A handful of teens have enrolled at The Bright Academy, run by London IT consultancy Bright Technology, which offers IT support, cloud services and VoIP solutions to British firms.

"Despite the growing number of skilled IT workers required in the U.K., the education system and government efforts to provide them are coming up short," said Phil Taphouse, service delivery manager at the company.

[ University students amp up their programming skills. Read British Students' Entertainment App Wins MS Contest. ]

"Most current courses and schemes tend to be time-consuming, meaning that the training is often irrelevant and outdated by the time the course is over," he said. "What's more, many training schemes don't give students the practical skills they need to survive in an IT job. There is only so much you can tell someone about how to build a server -- they can't turn up in their new job having never actually done so before."

Hence the emphasis on practical training in the firm's eight-week course, with classroom-based lessons taking a backseat. Students will study toward earning industry qualifications such as the A+ and MCITP (Microsoft Certified IT Professional) certifications, but the content is shaped to reflect the everyday experiences of IT managers, thus centering on "real world implementations, building servers and PCs, and even interacting with customers," said Taphouse.

So far, only four teens have enrolled, which the company acknowledges is a drop in the bucket. "The numbers being trained in the Academy may seem like a drop in the ocean, but we plan to expand the scheme in coming years," said Taphouse, who added that he hoped British IT education could be improved.

Some of his four students agreed that British high school IT classes are lacking. "I believe the standard of IT education is not enough -- a lot of students have computers and laptops at home already, so schools should take IT education to the next level," said Kareem Khan Pathan. "There should be more options. I have always wanted to learn how to troubleshoot and configure computers but this option was available at school."

"When I was studying IT in high school it was mostly spreadsheet based," said Mitesh Bhudia. "I was hoping for a more technical [education] where you would get to open the PC up get to examine components, build your own PC and do a bit of programming here and there."

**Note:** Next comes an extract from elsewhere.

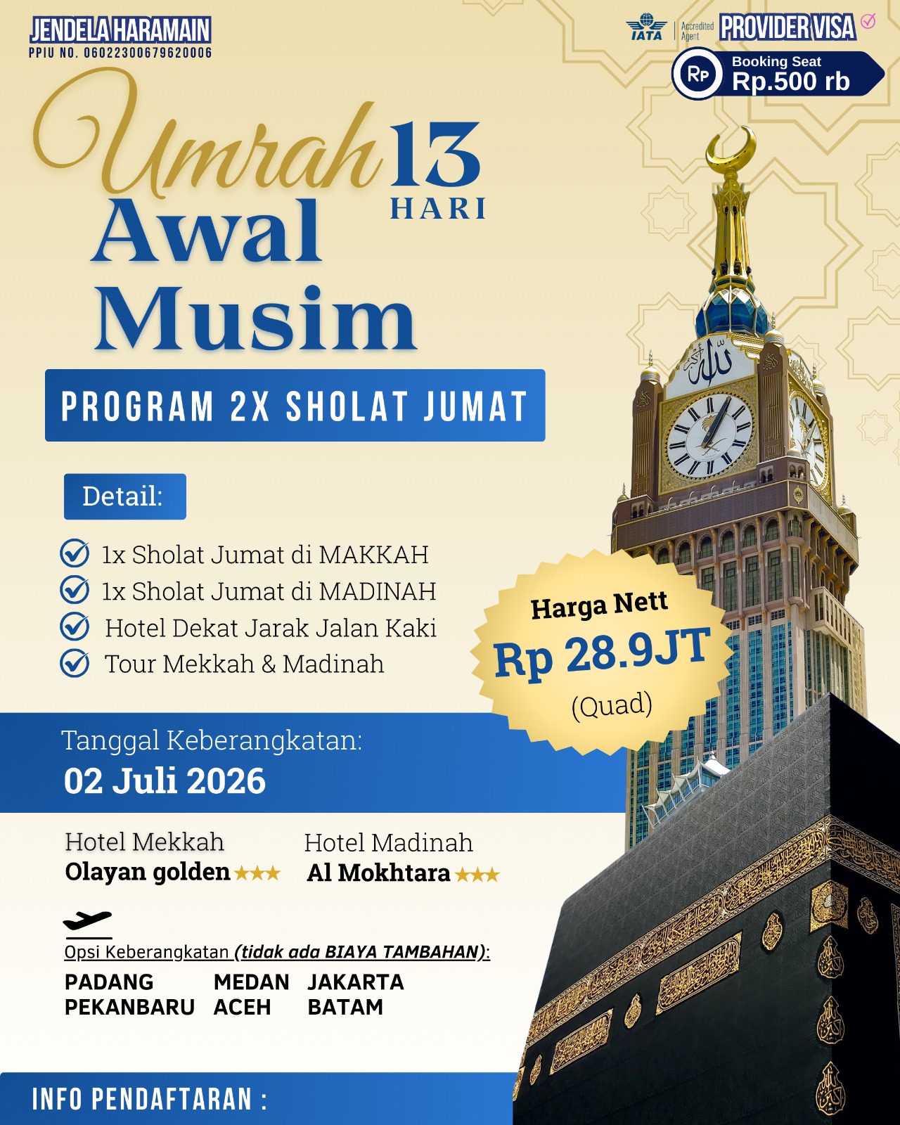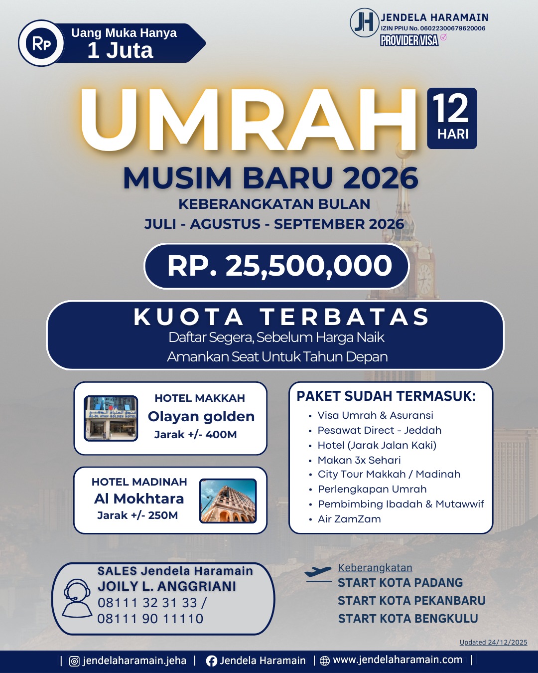 Ijin Resmi dari Penyelenggara Perjalanan Ibadah Umrah (PPIU) Nomor 06022300679620006 Tanggal 07-12-2024

All the Bright Academy students have high hopes the course will give them an edge in the job market.

"I think working in the Bright Academy will increase the chances of me getting a job by improving my knowledge and skills whilst gaining a lot of vital experience," said Aaron Kamese.

The fourth student, Benjamin Keeley, 18, is trying IT after spending several months competing with large numbers of applicants for entry-level jobs in retail.

Although Europe's economy demands more IT workers, according to the BBC, the number of skilled IT graduates is failing to keep pace. Ernst & Young has said the U.K.'s skills gap will "probably take a generation to fill" thanks to the decision by many large British organizations to offshore their technology operations to India in the mid-1990s.